Résumé de la décision
La Cour de cassation a été saisie d'une question prioritaire de constitutionnalité concernant la loi n° 2008-596 du 25 juin 2008, notamment sur les modifications apportées à l'article L. 1221-19 du Code du travail relatives aux durées de la période d'essai. Le conseil de prud'hommes de Creil avait interrogé la cour sur la possible atteinte aux droits et libertés garantis par l'article 61-1 de la Constitution, tandis qu'une autre question transmise dénonçait une méconnaissance du principe de faveur établi par le Code du travail. La Cour a jugé la question irrecevable, soulignant que le principe de faveur, bien que fondamental, ne pouvait être qualifié de principe fondamental reconnu par les lois de la République tel que le stipule le Préambule de la Constitution de 1946.
Arguments pertinents
1. Irrecevabilité de la question : La Cour de cassation déclare que la question portant spécifiquement sur le principe de faveur est irrecevable.
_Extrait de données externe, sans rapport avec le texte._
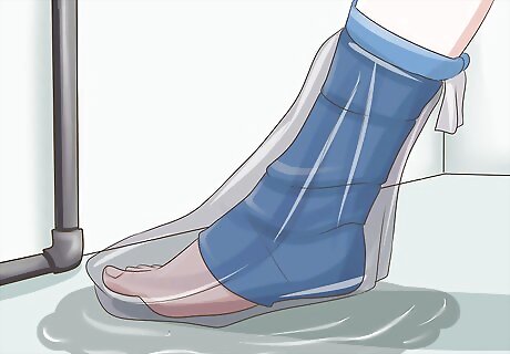 Cover your cast. Part of treatment for your fracture is taking care of your cast or splint, or surgical site. This allows your fracture to heal properly and may prevent complications. Your cast keeps the fractured area together. It can also minimize pain, swelling, and muscle spasms. Put a piece of heavy plastic, such as a garbage bag, around the cast when you shower or bathe. Wrap a washcloth around the edges to stop or reduce water seepage as well as skin irritations or infections. Keep any padding intact. Let the doctor know it is bothering you and they may be able to change it.

Elle précise que ce principe, qui limite les dérogations par accord collectif à des situations plus favorables aux salariés, doit être établi par le législateur et ne découle pas d'une législation antérieure à la Constitution de 1946 :
> « ce principe, qui constitue un principe fondamental du droit du travail au sens de l'article 34 de la Constitution, ne saurait, dès lors, être regardé comme un principe fondamental reconnu par les lois de la République au sens du Préambule de la Constitution de 1946. »
2. La compétence du juge : La Cour souligne que bien que le juge puisse reformuler des questions pour les clarifier, il ne doit pas en modifier la substance. En l’occurrence, elle a considéré qu’elle était régulièrement saisie sur la base de la formulation dans le mémoire distinct.
Interprétations et citations légales
1. Article 34 de la Constitution : Cet article confie au législateur le soin de définir les principes fondamentaux du droit du travail. La jurisprudence de la Cour de cassation reconnaît que le principe de faveur est un élément de ce cadre, mais la Cour précise que cela ne le qualifie pas comme un principe fondamental reconnu par les lois de la République. Cet article reste un fondement pour encadrer les règles du travail, mais son application nécessiterait une législation adéquate.
2. Préambule de la Constitution de 1946 : La Cour se réfère à ce préambule pour évaluer le statut des principes en droit français. En l’espèce, elle conclut que le principe de faveur n'est pas inscrit en tant que tel, ce qui limite son introduction dans les débats de constitutionnalité.
Cela illustre que, même si des principes peuvent se dégager de la pratique et de la jurisprudence, ils doivent être expressément reconnus par le législateur pour être opposables devant les juridictions suprêmes.
En définitive, la décision de la Cour de cassation met en lumière les limites de l'interprétation des principes du droit du travail dans le contexte des questions prioritaire de constitutionnalité, renforçant ainsi le rôle du législateur qui demeure le seul habilité à trancher ces questions fondamentales.